His primary concerns were Azerbaijan's recognition in Paris Peace Conference and situation of Azerbaijanis in Armenia. He was the author of "Azerbaijan" – a booklet intended for distribution in Paris Peace Conference. He headed a delegation to Qajar Iran in March 1919, signed several bilateral treaties and a significant friendship pact, achieving de jure recognition from Iran. In April, Azerbaijani embassy started to operate in Tehran, with consulates in Tabriz and Rasht, a vice-consulate in Mashhad, consulate-agencies in Khoy and Ahar. He was later appointed as ambassador to Iran on 4 October 1919, however he stepped on Iranian soil only on 15 January 1920.

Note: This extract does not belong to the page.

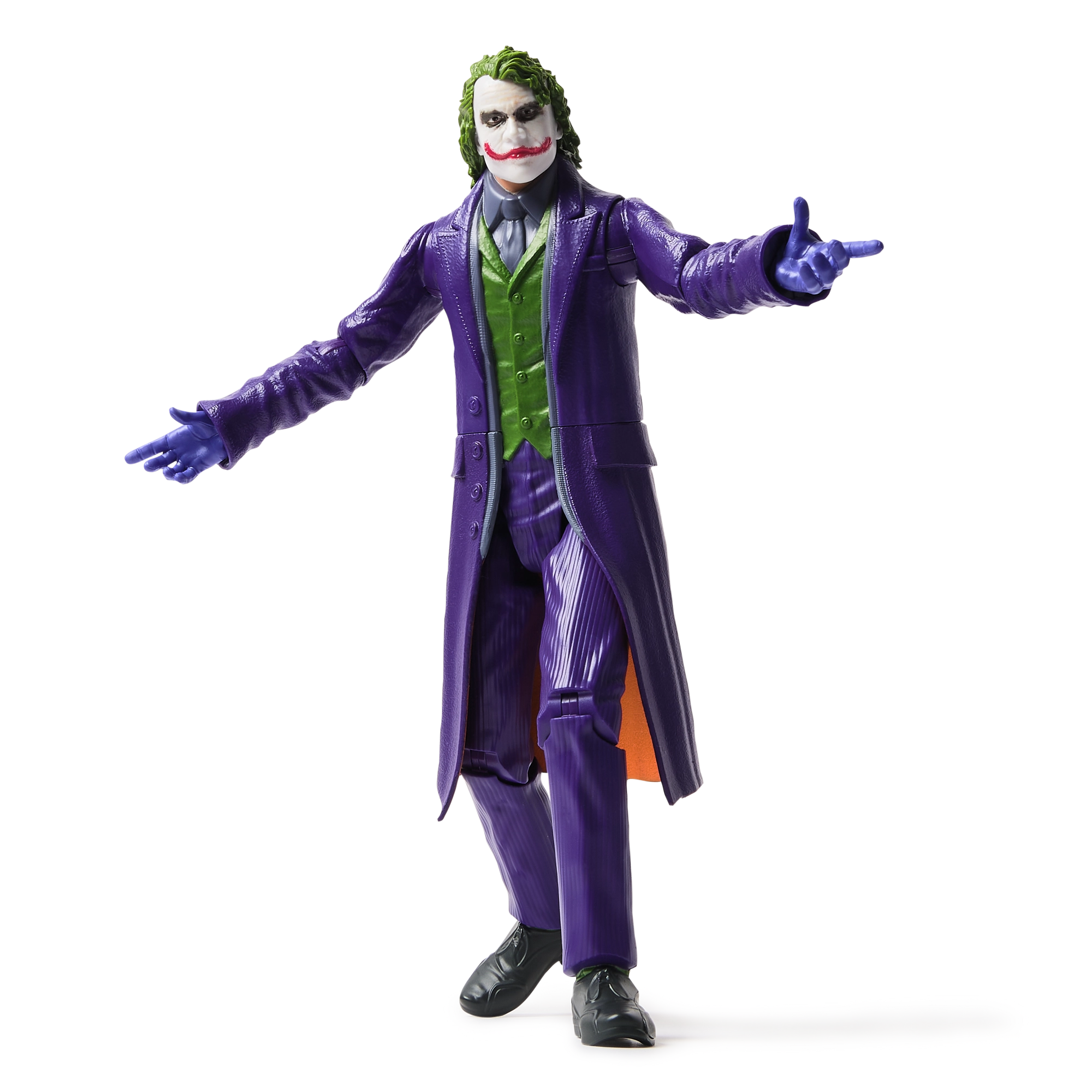 Detaljno izrađena figurica Jokera iz filma The Dark Knight u mjerilu oko 30 cm razveselit će kolekcionare i djecu. Nudi mnogo pokretnih zglobova za dinamične poze, ikonični ljubičasti kaput, zelenu kosu i vjerno kolorističko izvedenje. Idealno za igru i izlaganje.
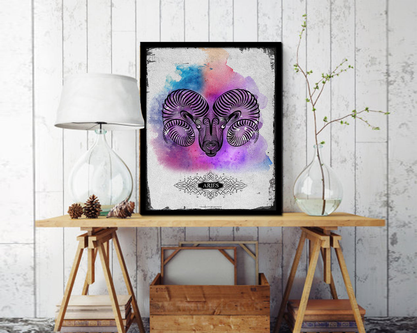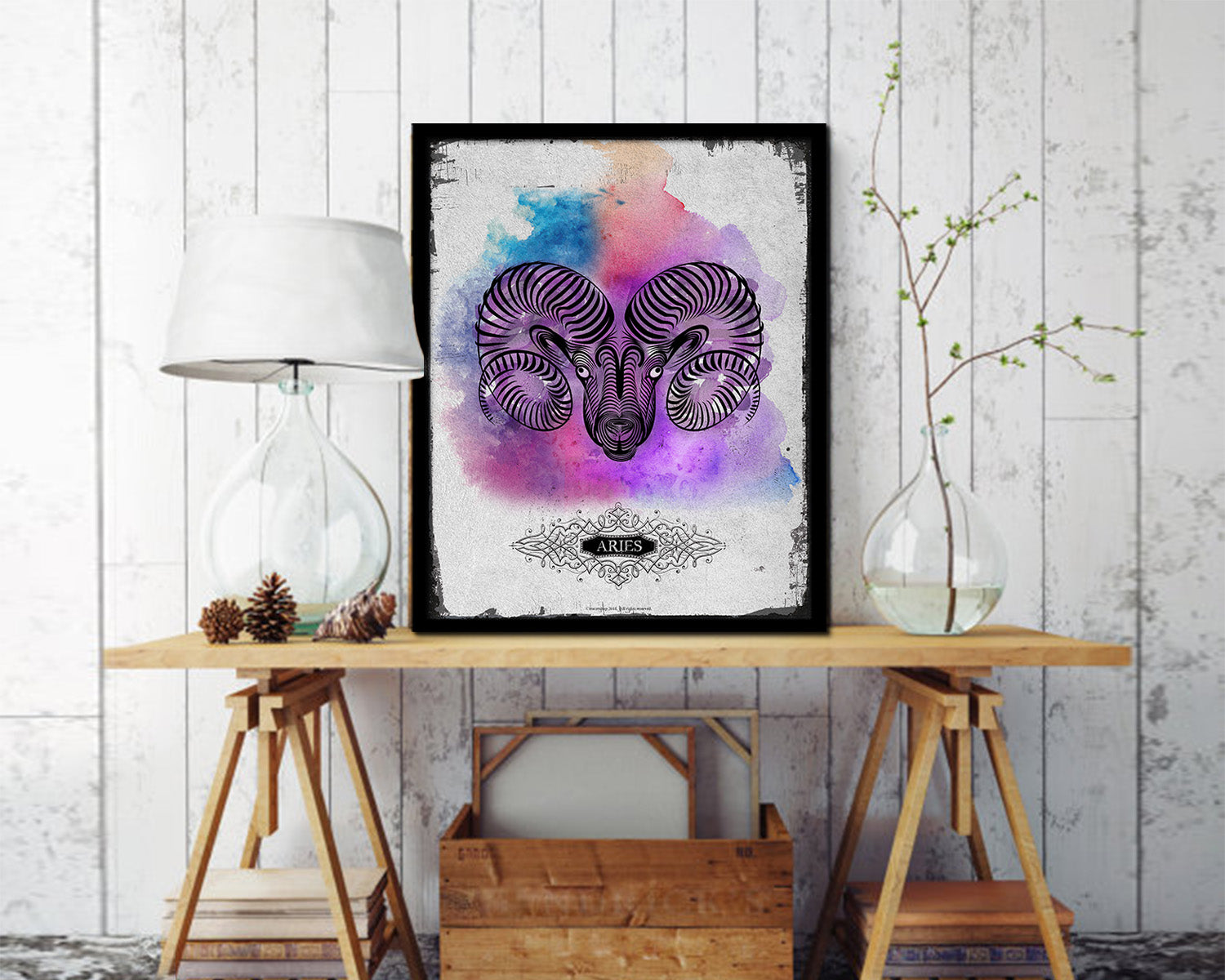 Aries Constellation Prediction Yearly Horoscope Wood Framed Paper Print Wall Art Decor Gifts

== Life in Iran and Turkey ==
He later wrote promotional book "Azerbaijan, its history, literature and politics" in Azerbaijani and French during his time in Iran. Started a charity organization and founded cultural society which taught Azerbaijani language. He wrote another book in Persian "Flight of the Pen" in 2 volumes. Ziyadkhanov's relatives were purged after establishment of Soviet power in Azerbaijan. He later served in various Iranian ministries and departments. His last place of work was Azerbaijani Railway and Shipping Bureau in Tabriz, 1929. He would later move on to Turkey and lecture Russian language at Istanbul University until his death in 1957.

== Personal life ==
He was proficient in Turkish, Persian, Russian, French, English and German. He was politically Turanist and often defended rights of Azerbaijanis in Iran. Religiously he was a Twelver Shia, made pilgrimages to Karbala in 1927. Wolseley Heig suspected him to be a Bolshevik sympathiser.

=== Family ===
He was married to Reyhanet khanum (second daughter of Hasan Bakikhanov) and had five daughters Mahrukh Begüm, who later was married to the son of Huseyngulu khan Khoyski (elder brother of Fatali Khan Khoyski), Melek, Turan, Saltanat and Ziver.

== Works ==

- My 3-month tour in Europe (Ganja, 1909) – Republished in Baku, 1993 and 2012.
- Azerbaijan, its history, literature and politics (French: Aperçu sur l’histoire, la littérature et la politique de l’Azerbeidjan) – Baku, 1919
- Flight of the Pen (in Persian) – Republished in Baku, 1993.